Y by Adventure10, Mango247, DEKT

If $f(x)=const$ we have $f(x)=0$ .Now we handle the case $f(x)\neq const$ .
We have $f$ is injective,because $f(x_{1})=f(x_{2})$ we have:
$\frac{x_{1}+y^{2}}{x_{1}y}=\frac{x_{2}+y^{2}}{x_{2}y}$ so $y^{2}(x_{1}-x_{2})=0$ so $x_{1}=x_{2}$ .

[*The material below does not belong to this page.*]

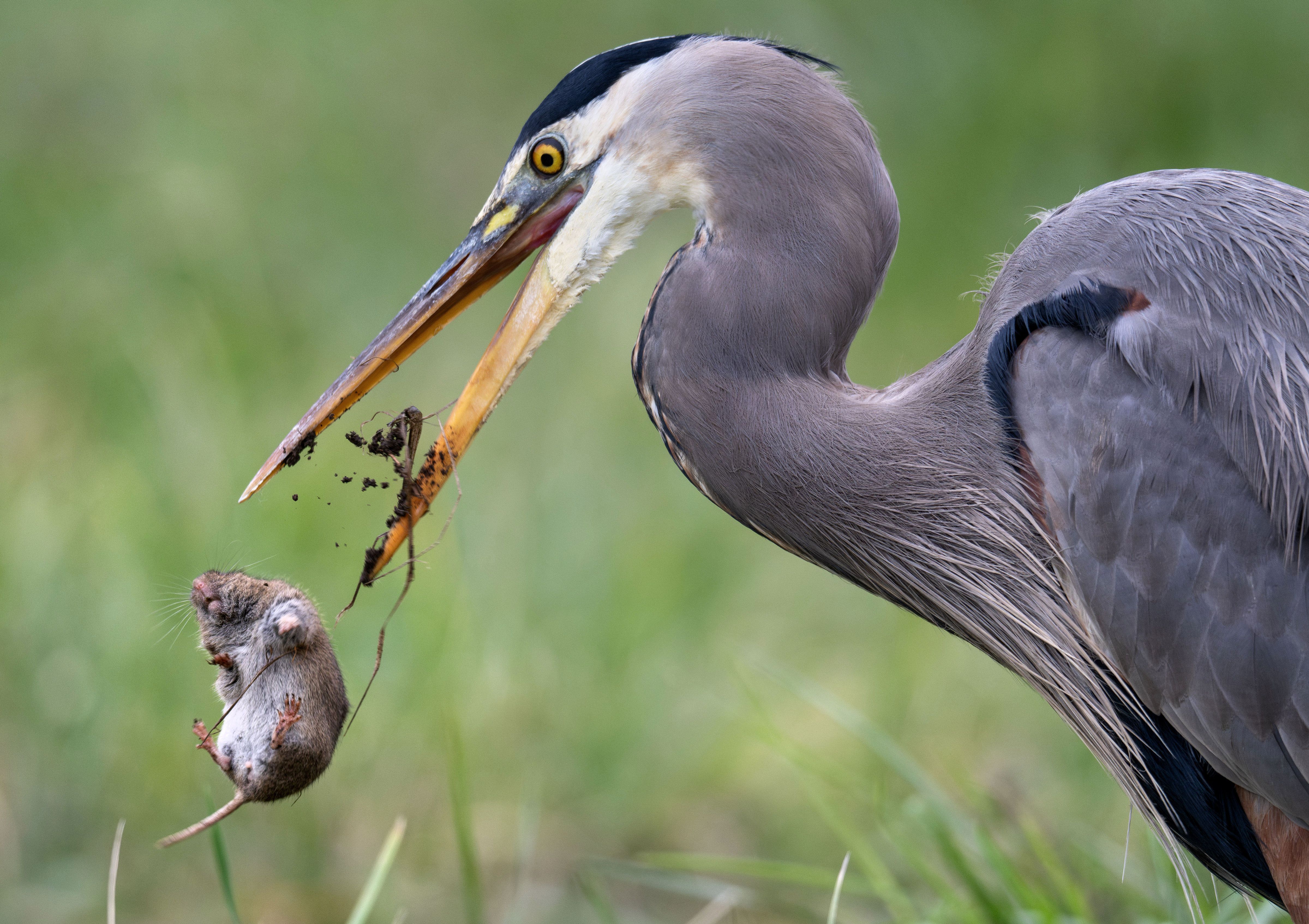 A great blue heron catches a large vole before gulping it down in a roadside pasture near Elkton in rural southwestern Oregon on January 9, 2025. In winter, some local herons adapt by hunting rodents when nearby rain-swollen rivers run high and fast. (Photo by Robin Loznak/ZUMA Press Wire/Rex Features/Shutterstock)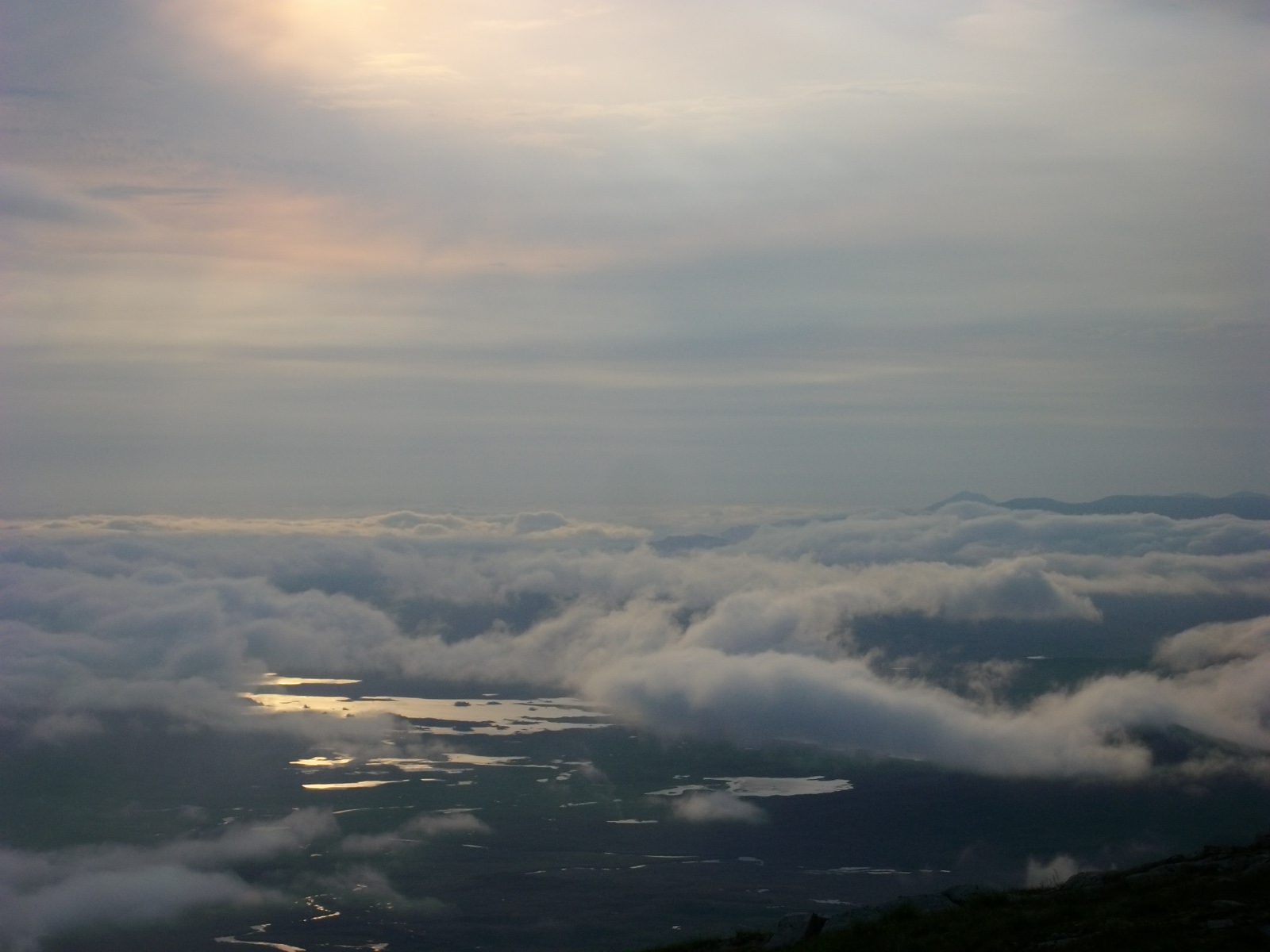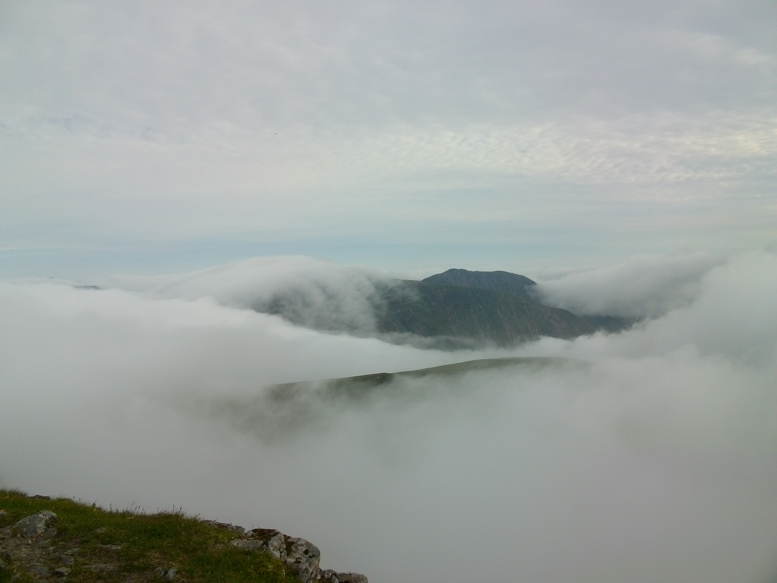 OK, I'll gloss over the next twelve hours back in the tent with one word: ugly. Thankfully, when I poked my head out at about 6 the following morning we were in thick clag. The weather certainly wasn't dragging us out of the tent, and we didn't take much persuading to sleep on. Eventually, after about 15 hours of pretty nauseous sleep, we woke up to glorious conditions. Clouds burning off! I felt better, and Caroline said she was feeling better. So off we went again, retracing yesterday evening's route along Aonach Mor which, in this next image, looks curiously off-colour. So, I soon realised, was C.

now $P(\frac{y^{2}}{y-1},y)$ so we have $f(yf(x))=f(y^{2}+f(x))$ so $yf(x)=y^{2}+f(x)$ so
$f(\frac{y^{2}}{y-1})=\frac{y^{2}}{y-1}$ now set set $\frac{y^{2}}{y-1}=z$ so setting $y_{1}=\frac{-z+\sqrt{z^{2}+4z}}{2}$ we have $f(z)=z$ for all $z$ except $-4<z<0$ .Now we will prove $f(x)=x$ $\forall x\in R$ .
$P(x,y)$ where $-4<x<0$ , we could pick large enough $|y|$ such that both $yf(x)$ and $y^{2}+f(x)$ are not in interval $(-4,0)$ so $f(yf(x))=yf(x)$ and $f(y^{2}+f(x))=y^{2}+f(x)$ so we have:
$y^{3}f(x)=y^{3}x$ so $f(x)=x$ $\forall x\in R$ .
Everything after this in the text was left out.